Neuronal damages were seen on morphological studies using Hematoxylin & Eosin (H&E) staining, Annexin V-FITC/Propidium Iodide staining and Scanning Electron Microscope (SEM) images. The neuronal damage starts on day 1 and persistent on day 3 and day 7. Neuron cells in the perihaematoma region were seen edematous from day 1 under H&E staining with further damage by lack of nucleolus is seen on day 1 till day 7. Ongoing death of neurons further confirmed by Annexin V-FITC/Propidium Iodide staining from day 1 to day 7 showing significant cell deaths up to day 7 on the perihaematoma region. Lekic and colleagues studied ICbH of rat model and found that significant reduction in purkinje cell density in cerebellum 30 days after the surgery[34]. Few previous studies have obtained similar continuing neuronal degeneration in the perihaematomal area of basal ganglia hemorrhage mode [Wasserman J.K. et al., 2007 and Qureshi A.I. Et al., 2003]. But our results showed that neuronal degeneration in cerebellar hemorrhage model starts from day 1 post surgery and became more obvious on day 3 and reduces on day 7. Contrary to ICH models from basal ganglia region, where the peak degeneration occurs on day 1 and decline on day 3[Wasserman et al., 2007, 2008 and Qureshi et al., 2003]. To further visualize the damage of neurons in perihaematoma, we used SEM to see evolution of the damage that neurons undergo. It is clearly seen that axons and their synapses disrupt first on day 1 followed by shrinkage of cell body on day 3 and complete degeneration of neurons occurs on day 7. This supports the neuronal degenerations that occur in the perihaematoma region.

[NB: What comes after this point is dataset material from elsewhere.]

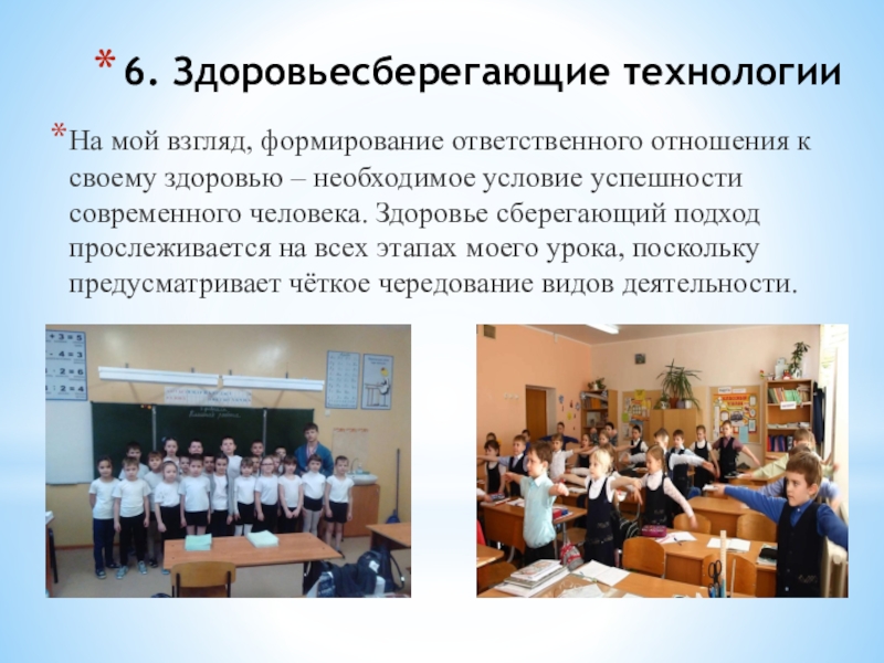 – необходимое условие успешности современного человека. Здоровье сберегающий подход прослеживается на всех этапах моего урока, поскольку предусматривает чёткое чередование видов деятельности.
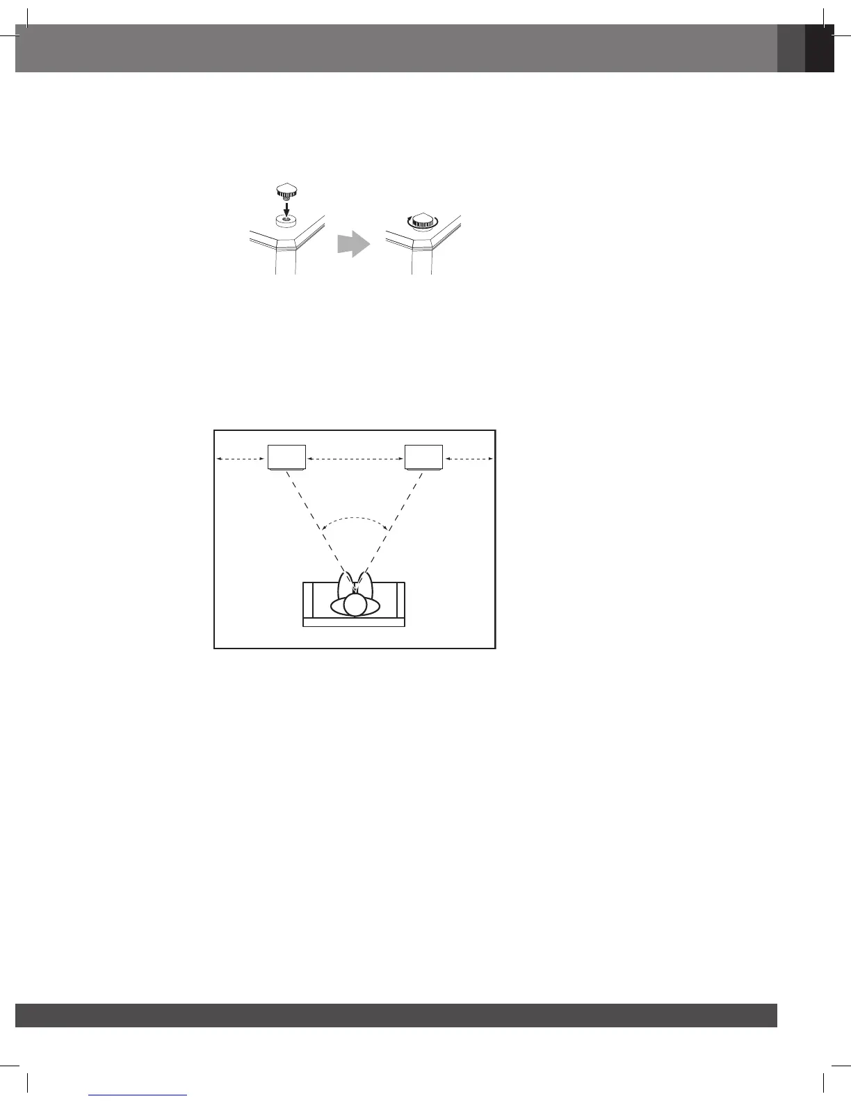 为了决定扬声器的最终放置位置,观察整个房间,并按照下图选择一个位置。

Information transfer in the brain relies on the functional balance between excitatory and inhibitory networks. At the level of individual neurons, this balance involves the maintenance of appropriate ratios of excitatory versus inhibitory synaptic inputs (Cirillo et al., 2020). The postsynaptic side harbors the postsynaptic density protein which is a multimeric scaffold that anchor NMDARs and AMPARs to the surface. Inhibitory synapses have adaptor protein gephyrin help to cluster GABA which are ionotropic GABA_ARs and metabotropic GABA_BRs and glycine receptors onto the postsynaptic surface (Qin et al., 2019). The disorders of the E/I imbalance implicitly lump together some vastly different disorders, such as epilepsy, schizophrenia and others because they share an excess of excitation. Meanwhile, in schizophrenia (SCZ) and autism spectrum disorders (ASD) imbalances may arise from problems in initial neural circuit formation or maintenance, as many of the genes derived from linkage and association studies code for proteins involved with these processes. In addition, post-mortem studies have discovered structural/functional changes in both glutamatergic excitatory and GABAergic inhibitory circuits in individuals with ASD and SCZ. In this study we focused on the expression of (EAAT1) also known as (GLAST), (GFAP) and (GABA_Aα1).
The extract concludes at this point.